However, the Court in St. Amant went on to declare mere good faith assertions by the publisher of his belief the defamatory statements were true will not ensure a favorable verdict where “the publisher’s allegations are so inherently improbable that only a reckless man would put them into circulation. Likewise, recklessness may be found where there are obvious reasons to doubt the veracity of the informant or the accuracy of his reports.” Id. at 390 U.S. 732, 88 S.Ct. at 1326, 20 L.Ed.2d at 268.
Viewed in light of these decisions, the facts of the case sub judice lead this Court inexorably to the conclusion the actions of the newspaper and O’Brien exhibited recklessness such as a jury might reasonably find to constitute actual malice.
Testifying at deposition, appellee O’Brien, the author of the helicopter report, stated he took his unnamed informant’s word for the accuracy of the information appellant was airlifted on election day by a coal company helicopter. O’Brien also testified he did not know whether the informant had ever provided him with information in the past, and O’Brien could not recall whether he had asked the informant any other questions about the information supplied. O’Brien further testified he did not call appellant or anyone else to confirm the report, although appellant had provided O’Brien with information in the past, O’Brien had always found appellant’s information to be reliable, and O’Brien knew how to contact appellant. Such careless journalistic procedure might still be afforded constitutional protection in a situation where the report was a “hot news” item and the need for immediate publication precluded attempts at verification of all questionable information. See Curran v. Philadelphia Newspapers, Inc., 376 Pa.Super. 508, 546 A.2d 639 (1988). However, four days elapsed between the date of appellant’s alleged helicopter campaigning and publication of the article in which it is mentioned, although the “Evening Herald” was published daily in the *181interim. In addition, appellees did not attempt to contact any person who may have been at a polling place visited by appellant to verify the report. Clearly, the “press of time” is inapplicable in this situation.
We find it highly unlikely despite the deposition assertions by O’Brien and Joseph Wallace, publisher of the newspaper, that they did not attach any particular import to the article they were publishing, or the significance it might have to readers of the newspaper. Detached by time and distance from the article, the impact of a report that an incumbent union official campaigning for reelection was transported from polling place to polling place by a coal company helicopter is still not lost on us. Nonetheless, Wallace testified as a son of a coal miner and a long-time spectator to union-management affairs in that part of the state, he had no opinion as to whether the alleged conduct of appellant speaks well or ill of him as a candidate for union office. O’Brien testified although he considered the report newsworthy, he did not attach any importance to it. O’Brien testified he felt the newsworthiness of the report sprang solely from the fact appellant was using modern means of transportation for campaigning, and not any implicit support for appellant by coal mine operators. In an area dominated by the anthracite coal industry and punctuated by rancorous union-management relations, the disingenuousness of these remarks approaches the incredible.

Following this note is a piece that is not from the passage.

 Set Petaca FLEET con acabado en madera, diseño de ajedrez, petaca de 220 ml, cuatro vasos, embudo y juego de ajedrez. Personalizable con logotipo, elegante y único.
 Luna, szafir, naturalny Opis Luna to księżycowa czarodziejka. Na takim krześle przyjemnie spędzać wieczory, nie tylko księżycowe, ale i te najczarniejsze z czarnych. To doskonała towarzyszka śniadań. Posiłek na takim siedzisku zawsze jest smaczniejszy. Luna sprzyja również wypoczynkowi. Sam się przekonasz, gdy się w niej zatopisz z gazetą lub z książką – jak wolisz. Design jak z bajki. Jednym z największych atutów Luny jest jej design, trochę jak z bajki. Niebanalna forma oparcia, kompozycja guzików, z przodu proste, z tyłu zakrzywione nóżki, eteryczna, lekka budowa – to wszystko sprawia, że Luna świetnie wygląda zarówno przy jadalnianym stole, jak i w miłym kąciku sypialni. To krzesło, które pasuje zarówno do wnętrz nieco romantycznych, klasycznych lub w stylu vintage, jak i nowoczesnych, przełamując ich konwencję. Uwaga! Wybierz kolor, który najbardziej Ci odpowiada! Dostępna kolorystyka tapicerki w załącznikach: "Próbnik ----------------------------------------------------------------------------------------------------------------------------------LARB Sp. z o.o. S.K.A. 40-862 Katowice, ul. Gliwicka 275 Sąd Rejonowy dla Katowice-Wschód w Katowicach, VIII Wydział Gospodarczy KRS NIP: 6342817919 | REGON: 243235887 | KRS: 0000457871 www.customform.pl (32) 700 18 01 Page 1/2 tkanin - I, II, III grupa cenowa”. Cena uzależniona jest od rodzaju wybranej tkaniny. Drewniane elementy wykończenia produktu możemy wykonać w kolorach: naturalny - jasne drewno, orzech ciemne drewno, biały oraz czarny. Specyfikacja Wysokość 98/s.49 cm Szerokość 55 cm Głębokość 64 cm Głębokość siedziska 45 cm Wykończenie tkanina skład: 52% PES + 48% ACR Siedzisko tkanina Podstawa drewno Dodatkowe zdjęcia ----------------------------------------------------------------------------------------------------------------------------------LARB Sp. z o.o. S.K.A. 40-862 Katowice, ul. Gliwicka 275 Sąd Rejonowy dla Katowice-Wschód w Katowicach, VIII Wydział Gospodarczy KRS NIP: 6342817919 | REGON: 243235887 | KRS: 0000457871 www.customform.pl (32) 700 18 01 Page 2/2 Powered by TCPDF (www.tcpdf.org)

For these reasons, we find the newspaper’s allegations so inherently improbable appellees have come close to “willfully blinding” themselves to the falsity of the report. DiSalle v. P.G. Publishing Co., 375 Pa.Super. 510, 520, 544 A.2d 1345, 1350 (1988). We also follow the test set forth in Frisk v. News Co., 361 Pa.Super. 536, 523 A.2d 347 (1986), to find appellees’ June 13, 1981 article marked by clear departures from acceptable journalistic procedures: (1) the utter lack of adequate pre-publication investigation; (2) the use of wholly speculative accusatory inferences; and (3) the failure to utilize or employ effective editorial review. Id., 361 Pa.Superior Ct. at 544, 523 A.2d at 351. Therefore, as *182we find “there appears a genuine issue of fact from which a jury could reasonably find actual malice with convincing clarity,” Brophy, supra, 281 Pa.Super. at 595, 422 A.2d at 632, we reverse the Order of the trial court granting summary judgment on the issue of the June 13, 1981 “Evening Herald” article. As a result, we will not discuss this appeal in terms of appellant’s suggested application of the Shield Law, 42 Pa.C.S. § 5942(a).

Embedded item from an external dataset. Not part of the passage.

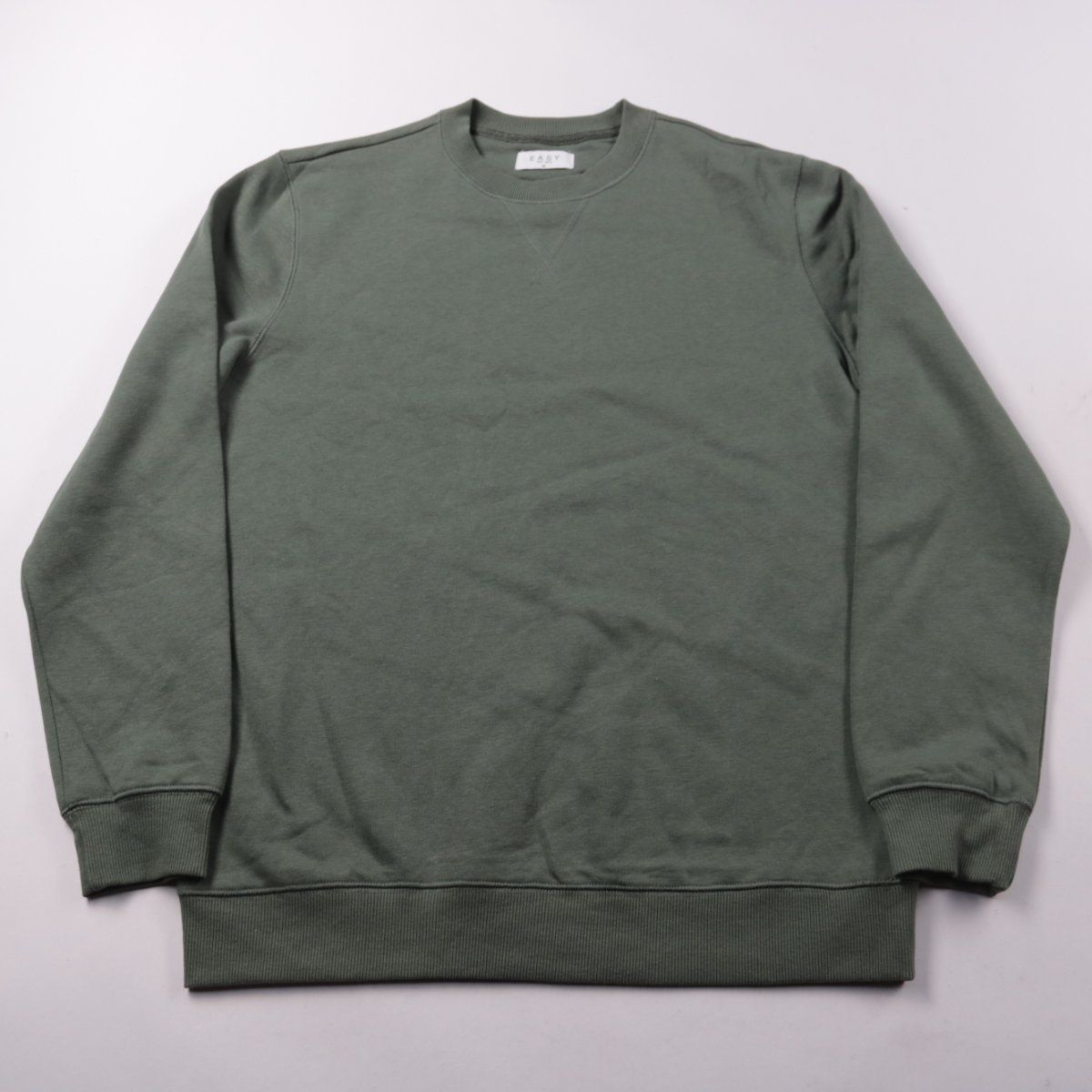Мужской свитшот Easy оливково-зелёного цвета, без капюшона, с круглым вырезом и манжетами. Подойдёт для повседневной носки в прохладную погоду и для многослойных образов. Смесовый состав (хлопок/полиэстер) проще в уходе и меньше мнётся.

Appellant next argues the court erred in holding the references to appellant as a “widow robber” were not capable of defamatory meaning. The court must analyze the alleged defamatory statements in context, Baker v. Lafayette College, 516 Pa. 291, 532 A.2d 399 (1987), to determine “the effect the article is fairly calculated to produce, the impression it would naturally engender, in the minds of the average persons among whom it is intended to circulate.” Corabi v. Curtis Publishing Co., 441 Pa. 432, 447, 273 A.2d 899, 907 (1971), citing Boyer v. Pitt Publishing Co., 324 Pa. 154, 157, 188 A. 203, 204 (1936). We agree with the trial court’s analysis of the context and effect of the newspaper references to appellant as a “widow robber” and cite with approval a portion of its Opinion:
The term “widow robber” first appeared in an article published on January 7, 1980. The article consisted almost entirely of a statement submitted to the Defendants by the members of Shenandoah Local 1443 of the UMWA. In that statement, the local expressed its sentiments about the Plaintiff’s role in amending the insurance provisions of the 1978 Anthracite Wage Agreement. The Plaintiff was labelled a “widow robber” by the local because he participated in amending the insurance provisions of the agreement to provide that, after a month off the job due to illness or injury, a miner would no longer be eligible for the insurance benefits. There was no time limit specified in the original agreement. The local interpreted the amendment as a restriction on the eligibility for benefits originally provided by the agreement. They labelled the plaintiff as a “widow robber” because, ac*183cording to their interpretation, if a miner was injured on the job and died after having been off the job for more than a month, his widow would receive no life insurance benefits.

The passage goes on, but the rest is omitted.